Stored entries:
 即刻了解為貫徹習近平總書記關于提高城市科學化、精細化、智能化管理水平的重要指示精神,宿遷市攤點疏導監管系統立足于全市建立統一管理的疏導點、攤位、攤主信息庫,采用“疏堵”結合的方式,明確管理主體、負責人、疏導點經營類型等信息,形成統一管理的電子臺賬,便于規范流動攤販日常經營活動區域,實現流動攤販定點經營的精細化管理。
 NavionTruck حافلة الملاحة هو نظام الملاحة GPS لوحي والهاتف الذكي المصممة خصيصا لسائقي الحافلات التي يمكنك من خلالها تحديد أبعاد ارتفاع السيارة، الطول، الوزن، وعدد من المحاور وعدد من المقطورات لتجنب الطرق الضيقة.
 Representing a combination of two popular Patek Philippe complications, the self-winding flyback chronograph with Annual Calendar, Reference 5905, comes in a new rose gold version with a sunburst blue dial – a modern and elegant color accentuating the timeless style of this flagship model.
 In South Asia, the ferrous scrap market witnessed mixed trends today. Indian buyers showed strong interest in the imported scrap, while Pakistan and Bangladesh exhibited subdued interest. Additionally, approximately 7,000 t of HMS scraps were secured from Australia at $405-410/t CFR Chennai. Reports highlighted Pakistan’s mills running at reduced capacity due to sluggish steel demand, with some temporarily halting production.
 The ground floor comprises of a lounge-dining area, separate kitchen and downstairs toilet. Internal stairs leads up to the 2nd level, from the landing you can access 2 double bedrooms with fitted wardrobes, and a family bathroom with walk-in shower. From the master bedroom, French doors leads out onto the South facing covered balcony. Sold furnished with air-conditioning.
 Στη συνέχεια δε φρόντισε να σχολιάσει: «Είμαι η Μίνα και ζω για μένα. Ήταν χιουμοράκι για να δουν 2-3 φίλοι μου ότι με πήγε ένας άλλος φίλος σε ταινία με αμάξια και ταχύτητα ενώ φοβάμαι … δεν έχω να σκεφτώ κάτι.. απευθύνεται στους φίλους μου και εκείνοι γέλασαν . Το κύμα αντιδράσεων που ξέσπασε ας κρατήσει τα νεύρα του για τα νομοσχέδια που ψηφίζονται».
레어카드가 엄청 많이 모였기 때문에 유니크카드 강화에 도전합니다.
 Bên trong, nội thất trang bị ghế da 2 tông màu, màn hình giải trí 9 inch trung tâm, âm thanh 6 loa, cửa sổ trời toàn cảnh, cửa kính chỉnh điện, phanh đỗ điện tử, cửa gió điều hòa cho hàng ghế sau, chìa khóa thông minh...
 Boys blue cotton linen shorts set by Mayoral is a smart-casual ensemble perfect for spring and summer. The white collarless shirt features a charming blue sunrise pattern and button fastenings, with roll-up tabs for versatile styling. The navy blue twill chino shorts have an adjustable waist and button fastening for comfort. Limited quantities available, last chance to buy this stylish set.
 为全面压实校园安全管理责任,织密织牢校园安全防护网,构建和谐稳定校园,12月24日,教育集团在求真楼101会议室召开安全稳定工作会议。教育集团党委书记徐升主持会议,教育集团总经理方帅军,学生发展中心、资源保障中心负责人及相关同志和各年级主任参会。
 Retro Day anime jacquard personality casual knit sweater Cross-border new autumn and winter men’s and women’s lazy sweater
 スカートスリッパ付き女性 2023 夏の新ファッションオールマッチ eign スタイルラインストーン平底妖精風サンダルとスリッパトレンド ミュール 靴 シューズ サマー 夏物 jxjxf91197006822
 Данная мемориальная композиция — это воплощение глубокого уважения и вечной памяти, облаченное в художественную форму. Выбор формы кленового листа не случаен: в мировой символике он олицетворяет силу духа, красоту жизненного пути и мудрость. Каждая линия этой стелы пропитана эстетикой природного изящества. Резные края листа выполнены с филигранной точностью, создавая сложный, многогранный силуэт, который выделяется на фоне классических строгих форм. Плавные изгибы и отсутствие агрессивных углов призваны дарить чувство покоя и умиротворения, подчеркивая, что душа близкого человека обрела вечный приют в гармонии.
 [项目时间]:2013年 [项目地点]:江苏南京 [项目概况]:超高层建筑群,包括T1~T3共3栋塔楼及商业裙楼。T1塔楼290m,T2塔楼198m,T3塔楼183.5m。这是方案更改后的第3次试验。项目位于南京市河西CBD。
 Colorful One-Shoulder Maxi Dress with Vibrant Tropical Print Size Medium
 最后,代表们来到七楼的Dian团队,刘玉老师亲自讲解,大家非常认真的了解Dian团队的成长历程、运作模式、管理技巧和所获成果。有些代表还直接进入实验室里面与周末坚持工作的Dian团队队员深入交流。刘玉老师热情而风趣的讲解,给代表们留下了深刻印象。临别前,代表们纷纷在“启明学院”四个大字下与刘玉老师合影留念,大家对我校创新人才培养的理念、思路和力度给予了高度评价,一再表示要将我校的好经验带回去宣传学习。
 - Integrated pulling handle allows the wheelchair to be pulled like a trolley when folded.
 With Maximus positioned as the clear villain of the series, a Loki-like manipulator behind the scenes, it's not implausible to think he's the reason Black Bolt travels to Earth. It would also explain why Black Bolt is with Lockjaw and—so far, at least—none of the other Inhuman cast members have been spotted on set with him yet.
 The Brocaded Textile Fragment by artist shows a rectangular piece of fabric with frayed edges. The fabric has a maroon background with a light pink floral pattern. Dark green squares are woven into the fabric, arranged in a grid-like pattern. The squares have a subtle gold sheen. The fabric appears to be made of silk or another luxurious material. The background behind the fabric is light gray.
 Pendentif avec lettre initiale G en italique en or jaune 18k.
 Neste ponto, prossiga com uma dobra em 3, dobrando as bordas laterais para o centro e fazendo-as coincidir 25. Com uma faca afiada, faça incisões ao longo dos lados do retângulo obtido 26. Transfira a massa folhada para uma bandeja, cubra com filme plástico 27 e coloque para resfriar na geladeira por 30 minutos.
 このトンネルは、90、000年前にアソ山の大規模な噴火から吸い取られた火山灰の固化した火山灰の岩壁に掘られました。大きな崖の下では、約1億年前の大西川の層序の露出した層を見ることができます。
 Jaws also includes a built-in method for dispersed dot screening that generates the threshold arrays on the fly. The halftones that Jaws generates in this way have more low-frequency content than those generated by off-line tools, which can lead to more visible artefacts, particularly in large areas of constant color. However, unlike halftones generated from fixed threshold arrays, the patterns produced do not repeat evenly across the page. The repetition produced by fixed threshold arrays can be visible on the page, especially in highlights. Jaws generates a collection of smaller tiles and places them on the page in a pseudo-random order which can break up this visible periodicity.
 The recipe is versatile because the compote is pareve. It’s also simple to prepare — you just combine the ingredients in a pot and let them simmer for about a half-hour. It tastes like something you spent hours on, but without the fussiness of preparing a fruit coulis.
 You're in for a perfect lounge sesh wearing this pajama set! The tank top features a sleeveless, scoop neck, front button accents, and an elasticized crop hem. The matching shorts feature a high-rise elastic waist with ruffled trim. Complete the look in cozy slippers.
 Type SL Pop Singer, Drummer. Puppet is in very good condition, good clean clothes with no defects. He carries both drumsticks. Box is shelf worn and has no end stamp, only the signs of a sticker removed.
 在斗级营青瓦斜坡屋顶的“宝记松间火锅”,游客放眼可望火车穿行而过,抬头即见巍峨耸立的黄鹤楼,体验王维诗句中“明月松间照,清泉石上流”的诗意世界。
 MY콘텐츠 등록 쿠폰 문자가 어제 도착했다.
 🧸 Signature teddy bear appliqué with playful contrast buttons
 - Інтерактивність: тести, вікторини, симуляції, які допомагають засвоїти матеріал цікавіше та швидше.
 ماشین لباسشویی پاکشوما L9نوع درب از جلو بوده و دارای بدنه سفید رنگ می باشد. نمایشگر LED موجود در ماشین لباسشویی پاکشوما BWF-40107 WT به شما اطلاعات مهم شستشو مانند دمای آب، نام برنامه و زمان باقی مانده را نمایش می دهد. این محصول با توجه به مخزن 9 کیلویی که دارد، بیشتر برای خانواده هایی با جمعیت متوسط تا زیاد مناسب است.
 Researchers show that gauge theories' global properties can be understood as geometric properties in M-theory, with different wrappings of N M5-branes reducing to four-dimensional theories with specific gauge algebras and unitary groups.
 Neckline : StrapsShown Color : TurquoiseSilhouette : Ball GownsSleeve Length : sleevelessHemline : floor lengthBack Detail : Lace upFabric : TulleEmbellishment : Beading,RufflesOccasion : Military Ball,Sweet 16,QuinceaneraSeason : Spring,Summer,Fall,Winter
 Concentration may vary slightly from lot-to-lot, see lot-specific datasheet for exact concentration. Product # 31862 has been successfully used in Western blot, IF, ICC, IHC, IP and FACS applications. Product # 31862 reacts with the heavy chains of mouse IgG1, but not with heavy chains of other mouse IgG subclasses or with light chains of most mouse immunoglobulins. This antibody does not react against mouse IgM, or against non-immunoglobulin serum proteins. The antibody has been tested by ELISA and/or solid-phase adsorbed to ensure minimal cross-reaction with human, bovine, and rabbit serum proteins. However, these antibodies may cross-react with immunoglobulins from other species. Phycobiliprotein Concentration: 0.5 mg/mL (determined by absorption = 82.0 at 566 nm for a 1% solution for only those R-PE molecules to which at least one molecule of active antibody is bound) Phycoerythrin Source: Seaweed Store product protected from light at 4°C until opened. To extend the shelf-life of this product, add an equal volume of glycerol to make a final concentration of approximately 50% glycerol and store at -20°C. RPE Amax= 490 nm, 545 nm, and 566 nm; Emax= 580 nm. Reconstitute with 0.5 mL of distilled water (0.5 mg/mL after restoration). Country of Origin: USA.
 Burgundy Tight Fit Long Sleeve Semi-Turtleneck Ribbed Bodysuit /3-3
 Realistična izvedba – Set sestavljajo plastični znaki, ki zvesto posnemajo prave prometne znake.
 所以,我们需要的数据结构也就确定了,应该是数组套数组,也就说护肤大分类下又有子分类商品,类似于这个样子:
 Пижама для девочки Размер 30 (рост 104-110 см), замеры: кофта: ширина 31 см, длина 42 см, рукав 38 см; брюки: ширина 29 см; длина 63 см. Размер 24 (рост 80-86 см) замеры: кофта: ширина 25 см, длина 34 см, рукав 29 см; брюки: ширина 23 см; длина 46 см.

YOUR ASSIGNMENT: Copy out, in full, each line above that has the word "perfect" in it.

EXERCISE RESULT:
 Boys blue cotton linen shorts set by Mayoral is a smart-casual ensemble perfect for spring and summer. The white collarless shirt features a charming blue sunrise pattern and button fastenings, with roll-up tabs for versatile styling. The navy blue twill chino shorts have an adjustable waist and button fastening for comfort. Limited quantities available, last chance to buy this stylish set.
 You're in for a perfect lounge sesh wearing this pajama set! The tank top features a sleeveless, scoop neck, front button accents, and an elasticized crop hem. The matching shorts feature a high-rise elastic waist with ruffled trim. Complete the look in cozy slippers.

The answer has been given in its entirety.